Soaring prices became the central issue as the March 31, 2019, municipal elections approached. Because municipalities in Turkey are responsible for administering many basic services, the elections were important not only for the ability of the AKP to implement its national political agenda, but the outcome was also expected to reflect public dissatisfaction with the rising costs of living. In the months leading up to the elections, the AKP-led government in several cities began to set up stalls to sell produce at cost. Meanwhile, Erdoğan, campaigning for the party, blamed rising prices on foreign interference and pledged to conduct crackdowns on wholesalers. Despite these efforts, the AKP lost its hold on five of Turkey’s six largest cities, including Ankara and Istanbul.
Amid the financial crisis, apparent corruption, and a devastating electoral loss for the AKP, discontentment with the direction of the country under Erdoğan began seeping into the party itself. Among those who criticized his leadership after the municipal elections were former president Gül and former prime minister Davutoğlu.Later that year Davutoğlu formed the Future Party (Gelecek Partisi), a conservative party that sought to reverse Turkey’s trend toward autocracy under Erdoğan and to return the government to a parliamentary system. Ali Babacan—another heavyweight from the AKP and a rival of Davutoğlu—founded another party, the Democracy and Progress Party (Demokrasi ve Atılım Partisi; DEVA), in March 2020 with aims similar to those of the Future Party.
While Turkey was one of a handful of countries to register economic growth in the first year of the global COVID-19 pandemic, its financial crisis grew worse. In November, after the lira had lost nearly a third of its value since January, Erdoğan replaced the governor of the central bank, and the country began loosening its grip on finance. His son-in-law resigned from his post as finance minister that same month and was replaced by a market-friendly technocrat. As the new governor of the central bank hiked interest rates, however, he too was replaced, in March 2021.

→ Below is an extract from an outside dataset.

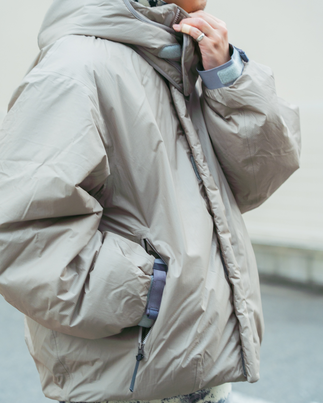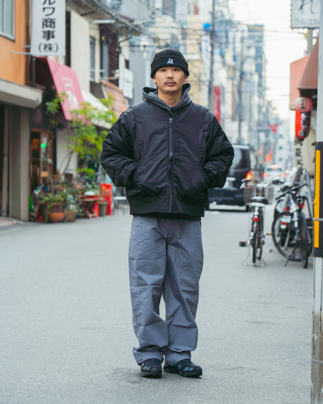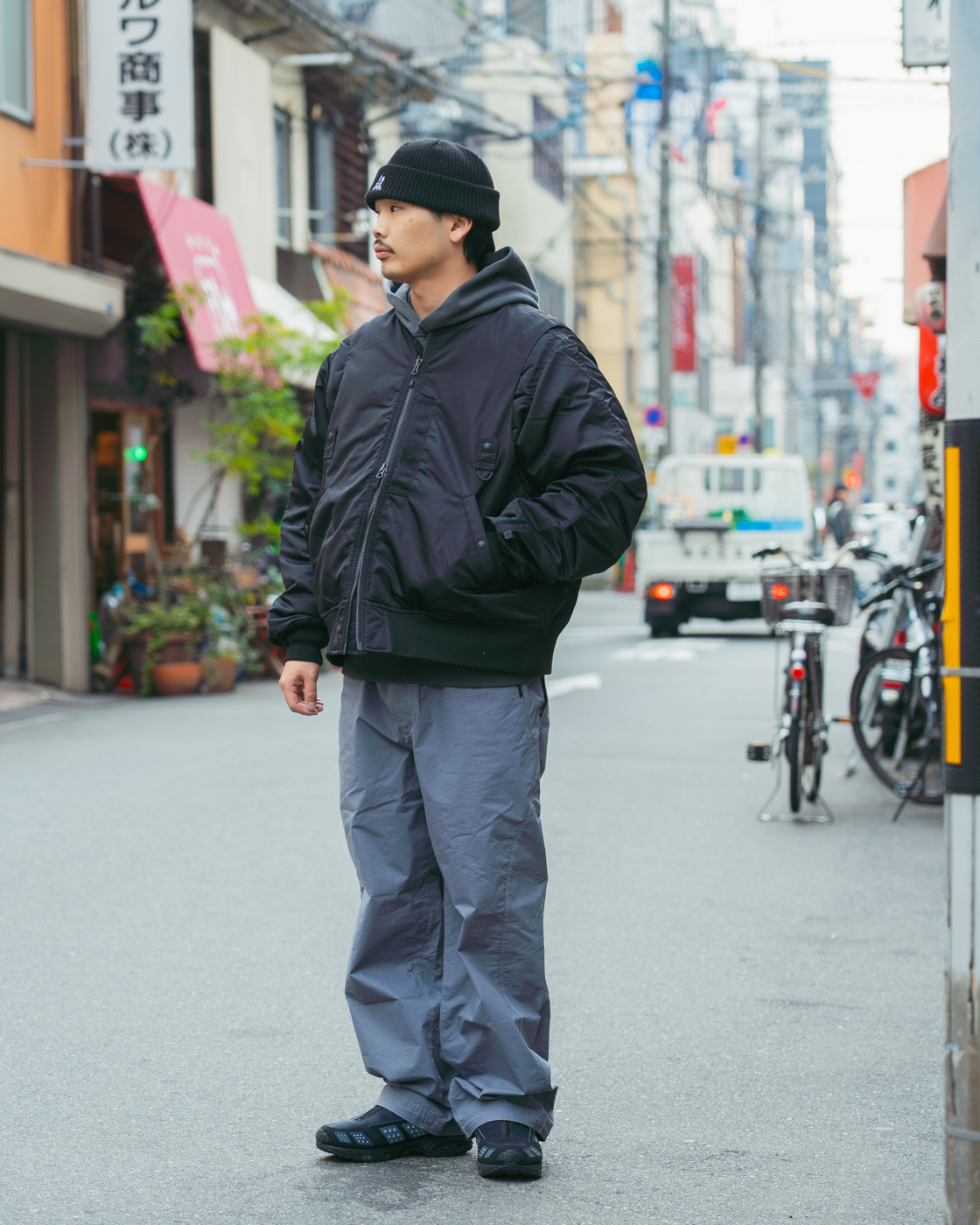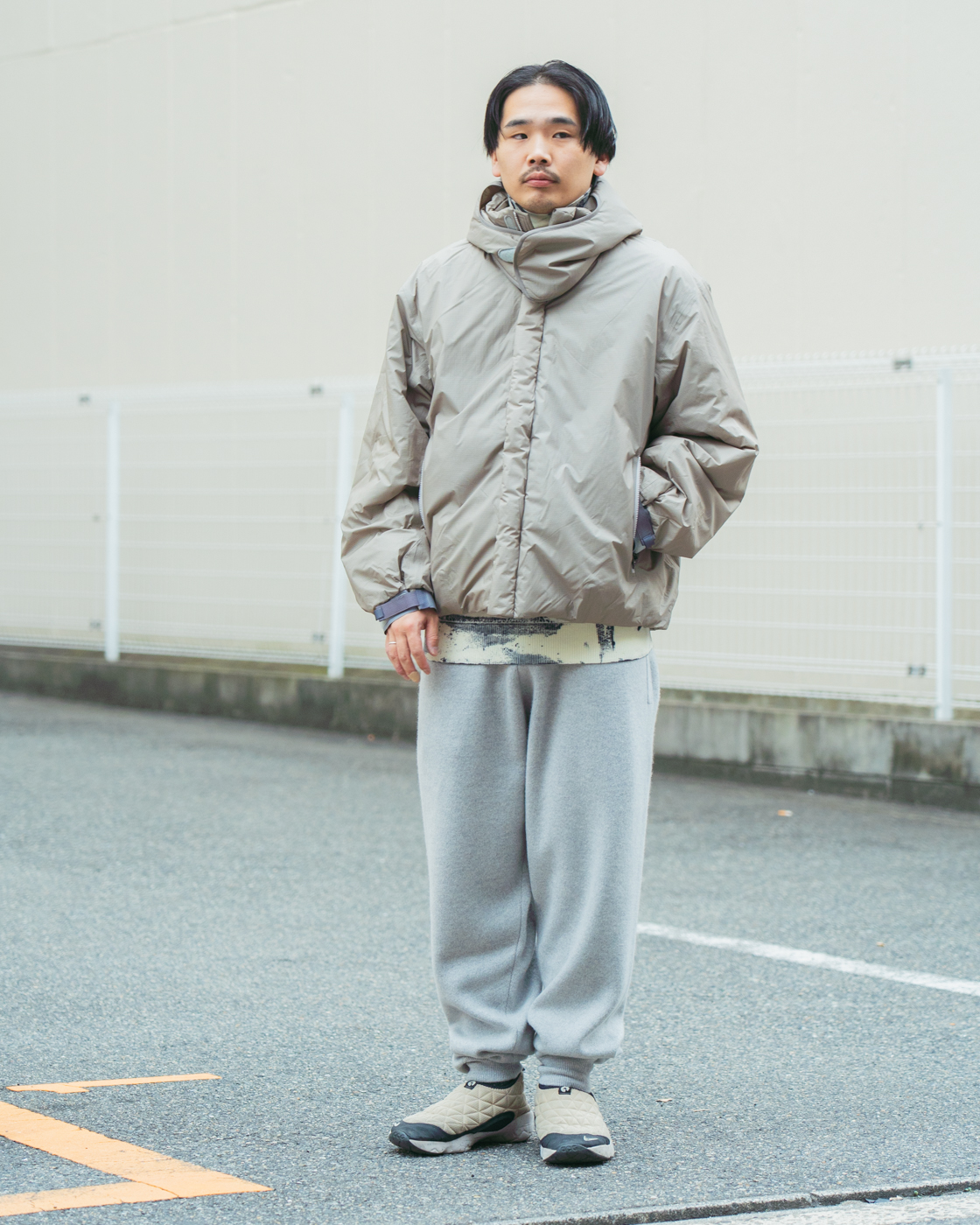 ジャケットに負けないハリ感とシャリ感のある生地でDAIWA PIER39との相性も良く、インナーのグレーフーディと色味を揃えることで、スタイリング全体にまとまりが生まれています。

Meanwhile, Erdoğan faced backlash for tightening his control over academic freedom. On New Year’s Day, 2021, he appointed a party loyalist with marred academic credentials to oversee one of the country’s top universities, whose long-standing self-governance had until that point allowed its operations to remain independent of government intervention. Despite protests against the appointment, which were met with a harsh response and drew attention nationwide, Erdoğan continued to exert his influence on the university by issuing directions for his appointee to implement regarding the university’s administration. The protests persisted throughout the spring term and into the summer term, and on July 15 Erdoğan removed his appointee but did not give any indication that he would restore the university’s independence.